Again, though, it's easy to pick on China. For those in the West, the media from that day proved unforgettably powerful. For me, "The Unknown Rebel" is one of the most powerful photographs I've had the pleasure of studying on my wall while savoring a good drink. (It's too bad some people insist on calling him "Tank Man" - a significantly less suave name...) Even if the next generation of Westerners didn't care about modern China's development, chances are good they've seen pictures from or articles about that day - it's simply too good an opportunity to push propaganda.

Of course, those same American kids might not have a clue about another infamous anniversary only one month earlier. This date marks the Kent State Massacre (May 4, 1970), where - similarly - student protesters were shot and killed by government soldiers. Both of these events are red stains on the history books that don't get the attention they deserve. In fact, it's quite funny to me how hasty a country is to criticize another over convenient omissions in secondary education history texts, when they obviously haven't looked at their own. I try not to generalize much, but I can guarantee all such books are wrought with half-truths, exaggerations, omissions, and outright lies. It can be hard enough for two people to agree on what to order for dinner, let alone what occurred in a faraway country in a completely different language and time. Have you ever played the "telephone game?" Attempting to pass a relatively simple yet detailed message from one person to the next is bound to introduce errors, and those playing don't even have an incentive to distort the truth. Objectivity in history is a wet dream at best; all one can hope to do is read as many well-researched accounts as possible and try to piece together what might have happened.

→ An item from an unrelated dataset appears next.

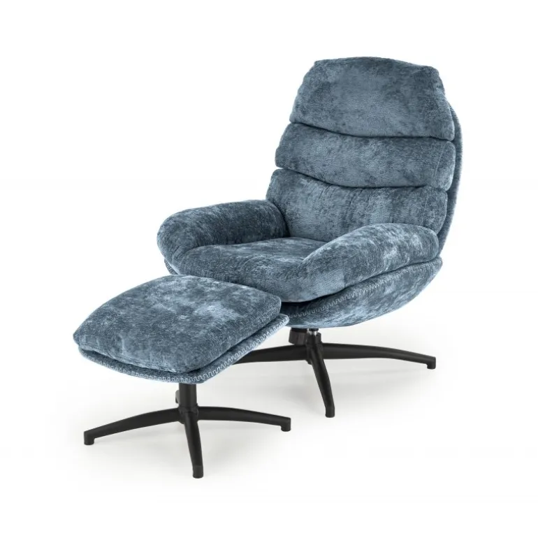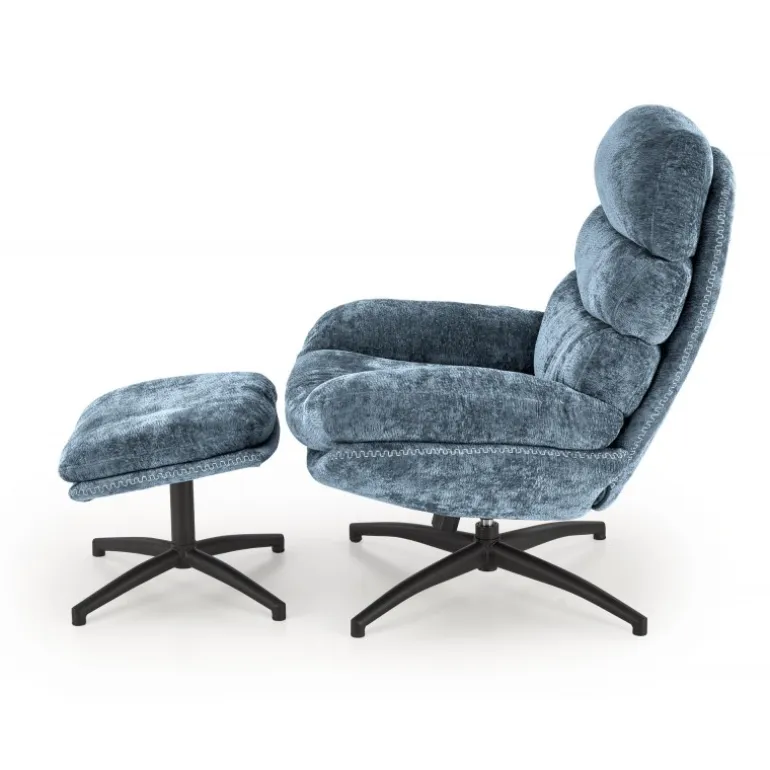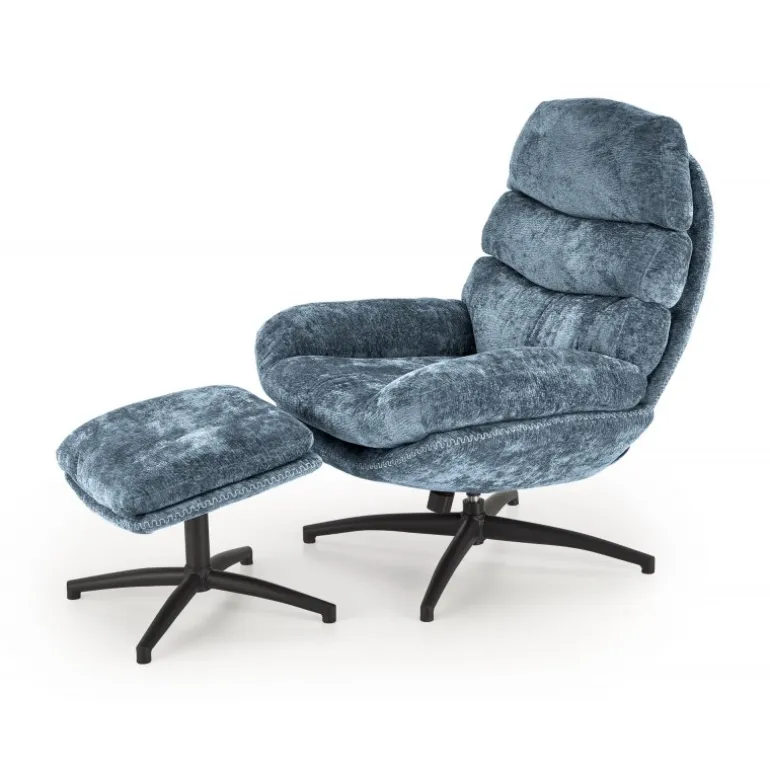 Oplev ultimativ komfort med DARIO lænestol med skammel i elegant Blå. Denne lænestol kommer med en praktisk skammel og har en behagelig vuggefunktion, der giver dig mulighed for at slappe af og nyde enhver stund. Fremstillet af slidstærkt stof og pulverlakeret stål, sikrer denne stol både stil og holdbarhed. Perfekt til afslapning i stuen, kontoret eller læsehjørnet. Med DARIO lænestolen får du en kombination af moderne design og funktionalitet, der passer ind i ethvert hjem.

With regard to Tiananmen, one could argue that the government's censorship campaign has been a frighteningly effective success, as so many people remain unaware of it. However, I don't believe this to be the case. Personally, I know that if something is supposed to be a secret, it means that it's actually interesting and promises a challenge and reward. It's the driving force behind many hackers - exploration and forbidden knowledge - and also the curious reason for the Streisand Effect. My hunch, based on personal observations while dedicating vast quantities of time to the study of Internet culture, is that the people with the will to know already know. The rest simply don't give a shit. I only wish I knew the true percentages of people who felt one way or the other. Unlike my experiences in the US, the people here don't walk around on lookout for some unsuspecting sod with his mouth slightly agape just so they can vomit their political ideology down his throat. I'm told that behind closed doors, the Chinese can be just as political as anyone else, but my Mandarin has a long way to go before I can chat about China's long history, let alone what I did yesterday.

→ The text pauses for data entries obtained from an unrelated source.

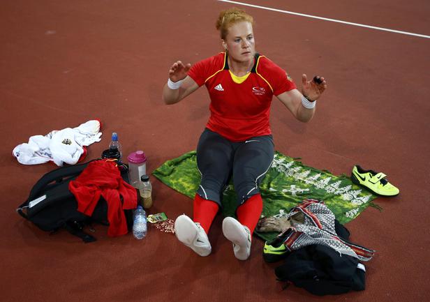 Легкая атлетика. Лондон. Олимпийские игры. Женщины. Молот. 1. ЛЫСЕНКО (Россия) – 78,18 (олимпийский рекорд). 2. Влодарчик (Польша) – 77,60. 3. Чжан Вэньсю (Китай) – 76,34. 4. Клаес (Бельгия) - 76,05. 5. Морено (Куба) - 74,60. 6. Менькова (Белоруссия) - 74,40. 7. Маргиева (Молдавия) – 74,06. 8. Хайдлер (Германия) – 73,90. 11. БЕСПАЛОВА (Россия) - 71,13. Фото REUTERS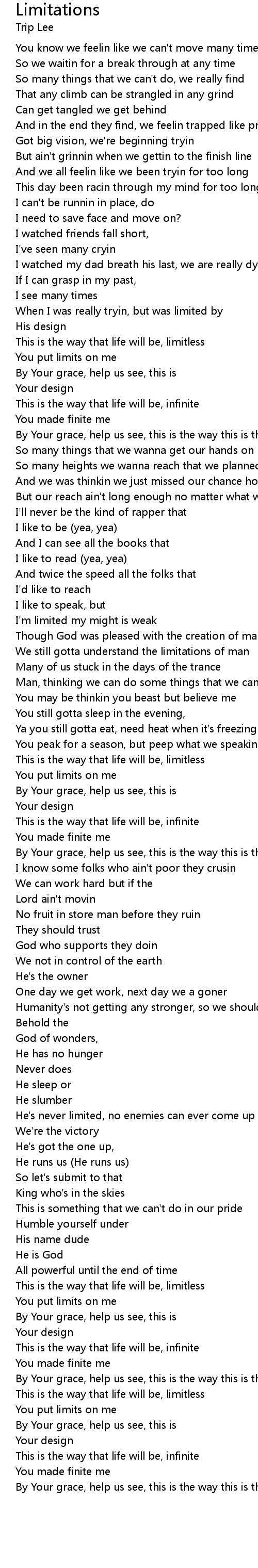 We still gotta understand the limitations of man |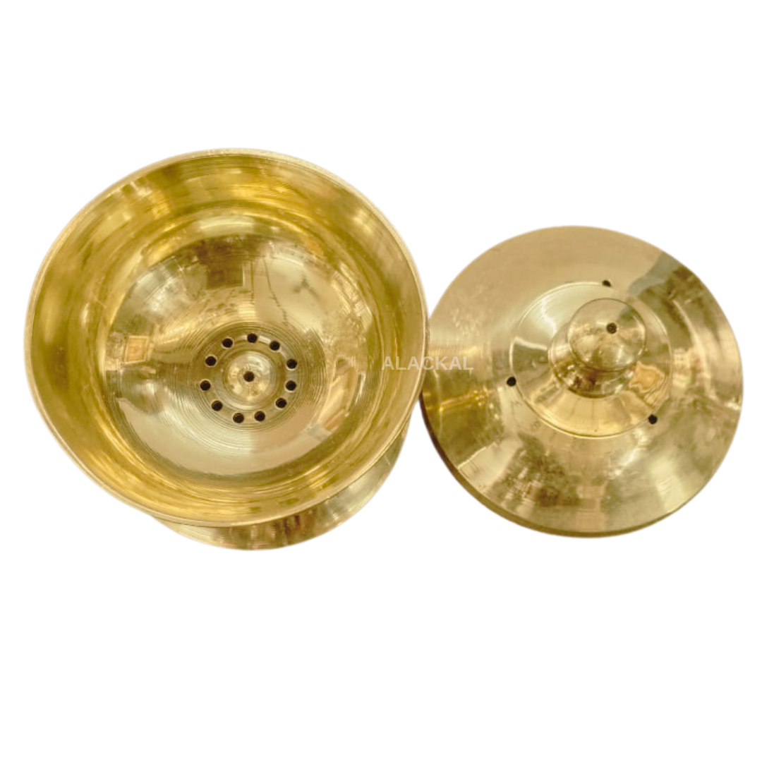 The Chirattaputtu maker, a unique utensil used to prepare puttu, is a small pot with a perforated bottom. This design allows steam to pass through the rice flour mixture, cooking it to perfection. Made from high-quality bronze, the Chirattaputtu makers from Alackal Bell Metals offer several advantages:

This is quite alright, as I am merely a spectator. I have faith that China's cyber-dissidents - its Unknown Rebels - will continue to arm themselves with the knowledge and fighting spirit that has been the mainstay of their culture since long before the digital age. And likewise, dear reader, I hope that your thirst for knowledge is never quenched. Complacency is the death of intellect.

I leave you to ponder the efficacy of censorship in the age when information can travel at the speed of light to all corners of the Earth, and where one copy of a publication can instantly and effortlessly be duplicated into millions. Here is another poignant quote from another infamous member of a one-party State:

“If you tell a lie big enough and keep repeating it, people will eventually come to believe it. The lie can be maintained only for such time as the State can shield the people from the political, economic and/or military consequences of the lie. It thus becomes vitally important for the State to use all of its powers to repress dissent, for the truth is the mortal enemy of the lie, and thus by extension, the truth is the greatest enemy of the State.”